■ **YOUR TASK**
Return exactly the lines from the one containing "Gold Pyrite Beads" through the end of the material below, and leave the images out.
====== MATERIAL FOR THIS TASK ======
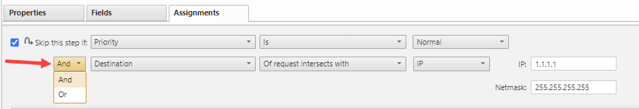 To skip a Business Owner Approval step when the target of the request is a specified device in the internal IT segment, select the Skip this step if: option, select the Target and Of request matches and select the device.
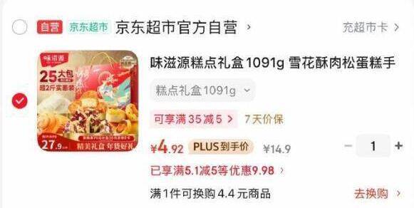 味滋源糕点礼盒 1091g 仅需 4.92 元
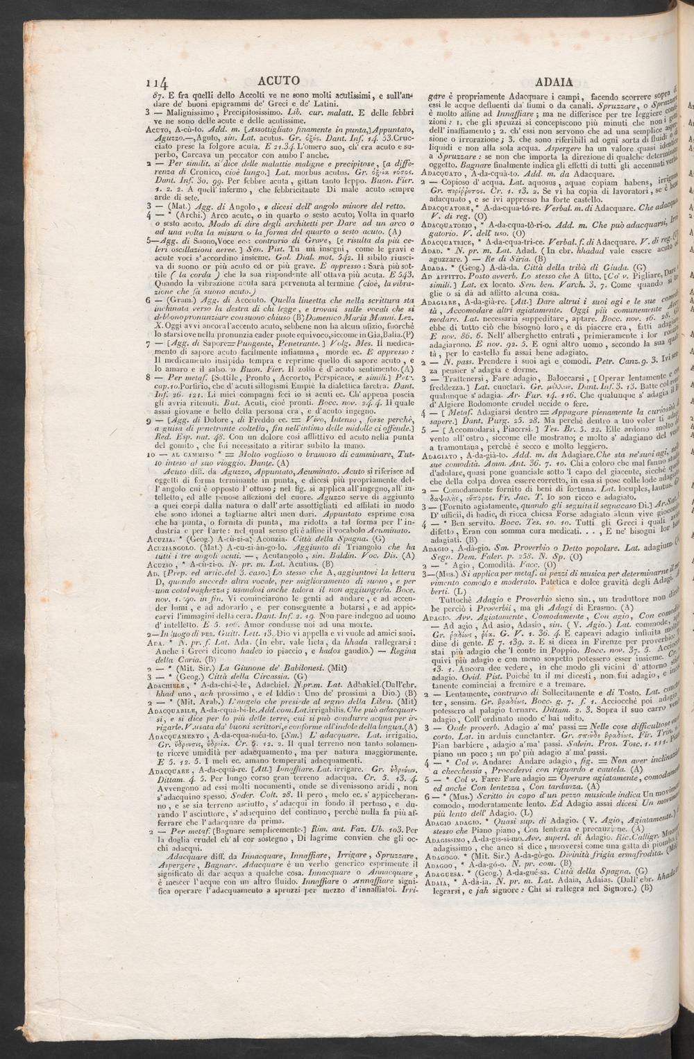 Ad ai>io , Ad asio, Adasin, sin. ( V. Agio .) Lai. corninoli 6 ^, ( |iGr. f ’xìiiui , ps'x. G. V. i. 36. 4- E capeavi adagio infinita f
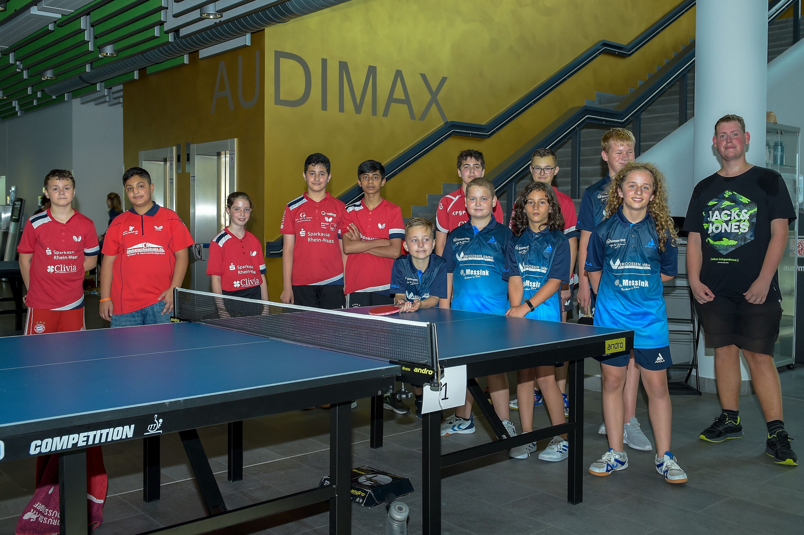Bei der nun nachgeholten Veranstaltung in der Schwanenstadt Kleve wurden vornehmlich auf dem Campus der Hochschule Rhein-Waal mit Stand-Up-Paddling, Basketball und Tischtennis drei Sportangebote präsentiert. Der Tischtennis-Nachwuchs zeigte sich und sein Leistungsvermögen dabei an einem wahrlich ungewöhnlichen Ort: Im Hörsaalzentrum „Audimax“ auf dem Campus präsentierte der Nachwuchs des Tischtenniskreises Niederrhein, was er kann. Hier standen unter der bewährten Turnierleitung mit Stefan Irsen (Kreisvorsitzender Düsseldorf) und Petra Jenisch nach rund vier spiel- und kampfstarken Stunden die Sieger/innen fest, die mit Pokalen und Urkunden aus der Hand des KSB-Vorsitzenden Lutz Stermann und dem TT-Kreisvorsitzenden Niederrhein, Klaus Verburg, belohnt wurden.
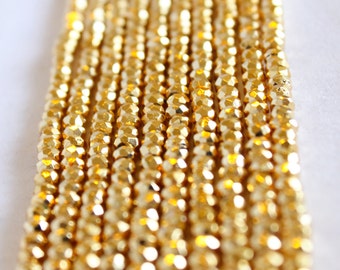 Gold Pyrite Beads - Full Strand 13.5" - 3mm x 4mm Rondelle Beads - Faceted Beads - Small Gold Beads - Wholesale Beads - Bright Gold / GB-008
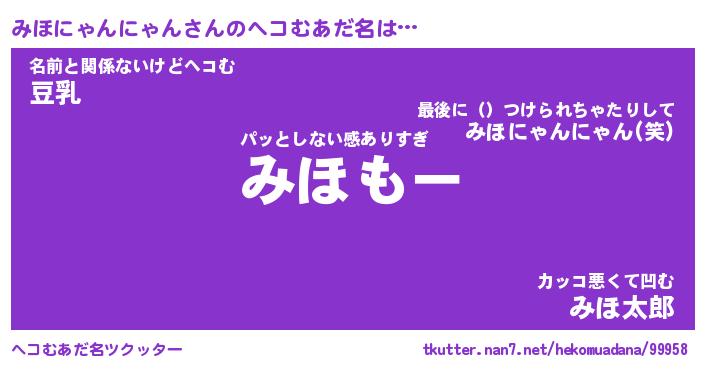 | 胡散臭い通販商品みたいなあだ名 | 『億万長者になれる霊験あらたかなお札…その名も「みほにゃんにゃん」』 |
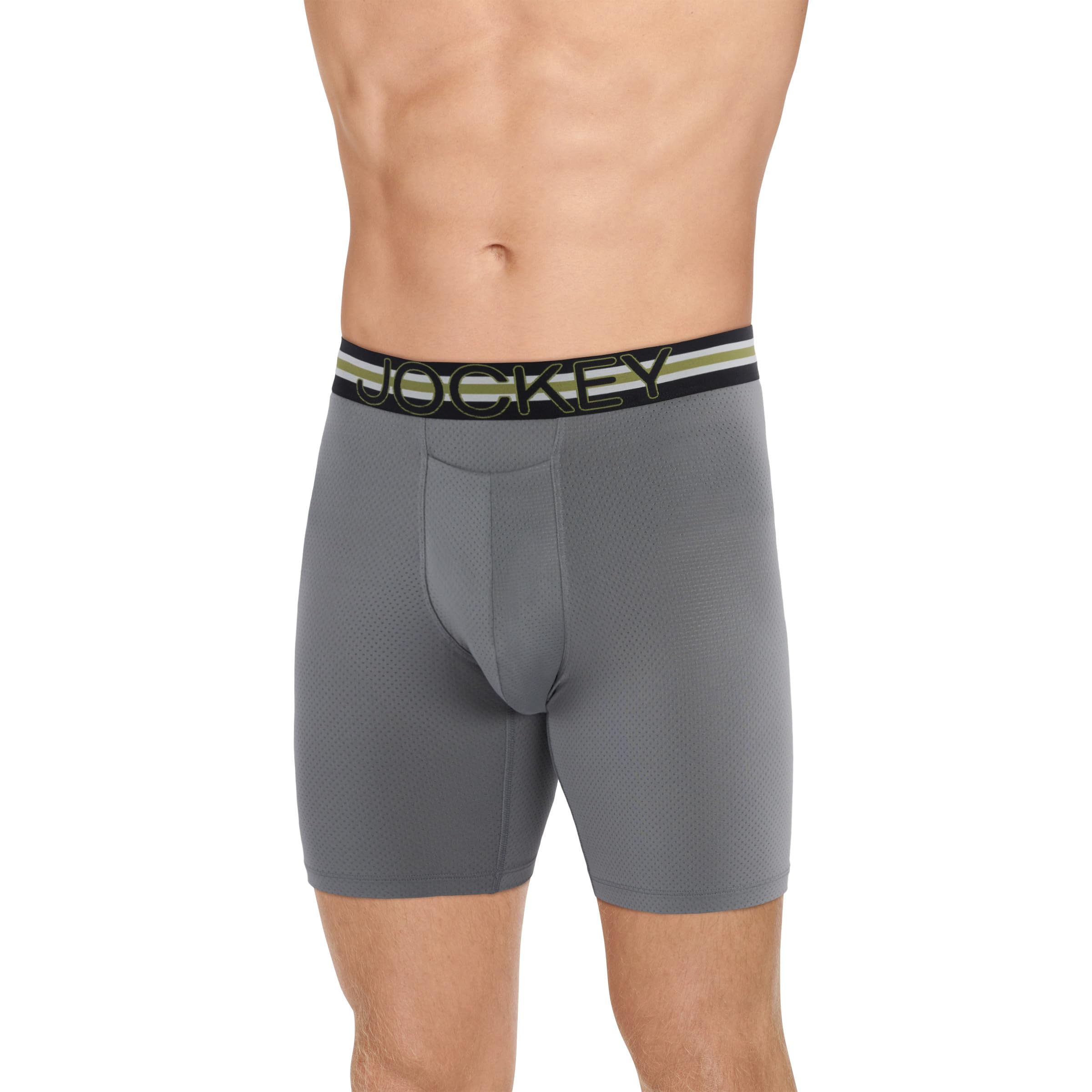 Jockey Sport Men's Underwear Stability Pouch Microfiber 9" Long Leg Boxer Brief|Clothing
======
■ **ANSWER AREA**
 Gold Pyrite Beads - Full Strand 13.5" - 3mm x 4mm Rondelle Beads - Faceted Beads - Small Gold Beads - Wholesale Beads - Bright Gold / GB-008
 | 胡散臭い通販商品みたいなあだ名 | 『億万長者になれる霊験あらたかなお札…その名も「みほにゃんにゃん」』 |
 Jockey Sport Men's Underwear Stability Pouch Microfiber 9" Long Leg Boxer Brief|Clothing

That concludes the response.